TUESDAY 11th
The Inca Trail.
Apparently the School teachers are up in arms about not having had a pay rise in twelve years. Their ploy was to disrupt the tourist industry.
Therefore our guide said that he would be picking us up from our hotel at 4am instead of 6am. Ugh. A 3:30 start. That was a shock to the system.
We drove through Ollyantotambo to what is called the 82km mark.
We beat the teachers planned disruption but did see evidence of large rocks that they had dispersed over the roads to disrupt traffic yesterday.
The 82km mark is where the Inca Trail begins.
I remember reading that there are a maximum of 500 people per day allowed on the trail. What I hadn't realised is that only 150 of them are actually paying tourists. The rest are guides and porters. Our group is 27 strong. Nine tourists, two guides, a chef and his assistant, one man in charge of the two potties and the tent and the rest are gophers. One potty is for #1's and the other for #2's. We somehow have to sort ourselves out by peeing before pooping. No mixing allowed!! I haven't given myself that challenge as yet. Anyway, to me that is unbelievable that it requires 18 staff to look after 11 of us. The porters bags are all weighed at various checkpoints along the way. They are allowed to carry a maximum of 25kg. Peruvian men are very short and so their packs tower at least a foot above their heads.
We are allowed to have the porters carry up to 6kg of our belongings which includes the 2kg sleeping bag which we hire.
That means that our own backpacks are weighing in at around 5 to 8 kg.
The trek begins.
Our group is ready to start.
Day 1 has been very leisurely. The walking distance is 12km which we've managed to walk in 7 hours. There are many places to stop where the guide gives us a talk mainly about the Incas. Several archaeological ruins to marvel at and stunning views of many mountains high above us. Even though we are at 3000m it is warm and green and almost tropical.
Our first Incan ruin.
We arrived at our luch stop 6km in. Firstly we were handed a cup each and given a drink of peach juice. A tent had been erected and inside was a dining table and seats with cutlery and serviettes. Incredible that they carry all this in for us. So we moved into the tent to be served lunch.

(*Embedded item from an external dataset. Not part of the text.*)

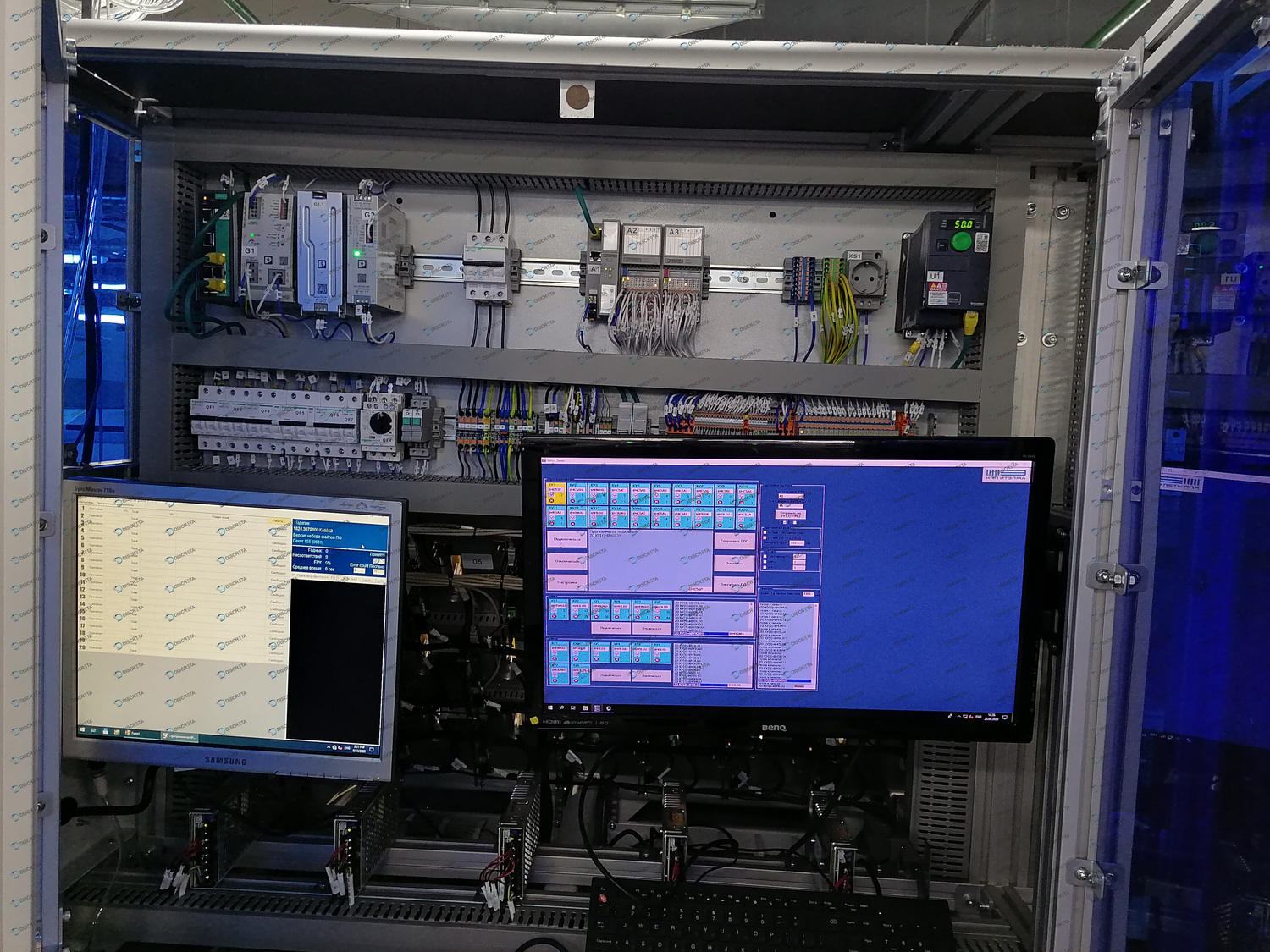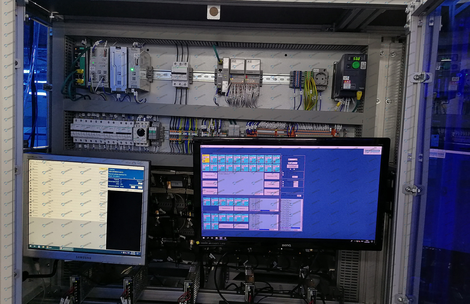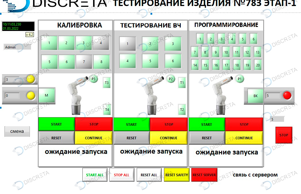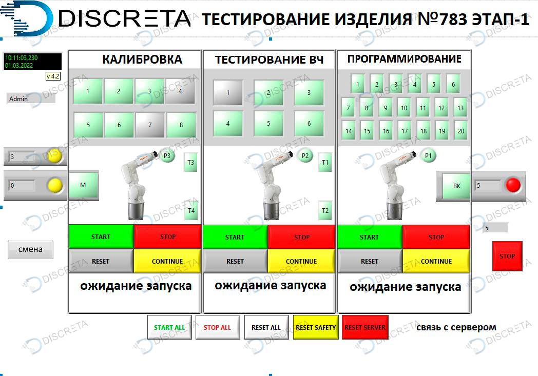 Программно-аппаратный комплекс программирования и тестирования электронных приборов. Реализована связь с системой прослеживаемости клиента, тестовым оборудованием, программаторами и системой управления оборудованием - промышленными роботами, конвейерными системами, контактными устройствами. Программное обеспечение в режиме реального времени контролирует состояние всех узлов, ведет журнал аварий, производит аутентификацию пользователя, выполняет регулирующие воздействия и связь с оборудованием заказчика.

First up was garlic bread and asparagus soup. Then two baskets of fresh bread buns arrived followed by items to make a sandwich. Ham, cheese, cucumber, tomato and lovely fresh avocado spread. To finish off, fresh mint tea to aid digestion at altitude.
We were then required to have a 45 minute siesta to allow the food to settle before we continued to our overnight camp.

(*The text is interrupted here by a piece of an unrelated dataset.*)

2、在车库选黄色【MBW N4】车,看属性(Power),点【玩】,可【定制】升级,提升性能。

Meanwhile the porters struck camp and headed off to set up our tents 6km further on.
Eventually we were allowed to continue. More up hill in this half but still pretty easy going. Several stops later we arrived to see seven spacious two person tents awaiting our arrival.
The porters clapped each of us as we arrived.

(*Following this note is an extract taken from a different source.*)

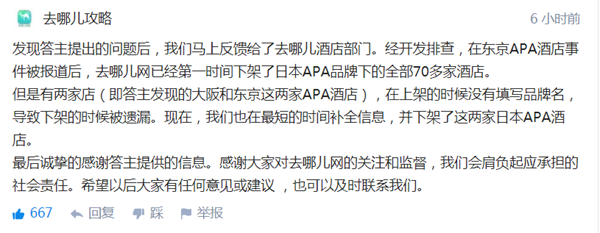 近兩日在網上鬧得沸沸揚揚的APA酒店“重現(xiàn)事件”有了新轉機。有記者在13日16時許登錄知乎,發(fā)現(xiàn)去哪兒駐知乎官方賬號“去哪兒攻略”在知乎答主王瑞揚回答下方的評論區(qū)回應道,經排查,在東京APA酒店事件被報道后,去哪兒網已第一時間下架了日本APA品牌下的全部70多家酒店,但有兩家店(即答主發(fā)現(xiàn)的大阪和東京這兩家APA酒店)在上架時沒有填寫品牌名,導致下架時被遺漏。現(xiàn)在,去哪兒網已經補全信息,并下架了這兩家酒店。(環(huán)球網)

Late afternoon we gathered with the porters and they introduced themselves to us and we to them. Most of them speak Quechua, the native language and a few of them speak Spanish as well.
Our group of 27 strong.
We then had the most wonderful meal.
Hot chocolate and popcorn.
A noodle soup with a chilli condiment for those that wanted it.
A main of trout, rice and broccoli.
Finished off with flambé banana and chocolate sauce with a cup of mint tea.
All cooked beautifully.
There is a trout farm in the village that we are camping at.
The tour company tries to buy as much produce as possible from the local communities.
All feeling happy and fit. In bed by 7:30. We get a wake up call at 5:30 tomorrow with a cup of Coca tea in bed. Then we climb tomorrow from our camp at 3000m to a saddle at 4200m before descending two hours to our next camping ground.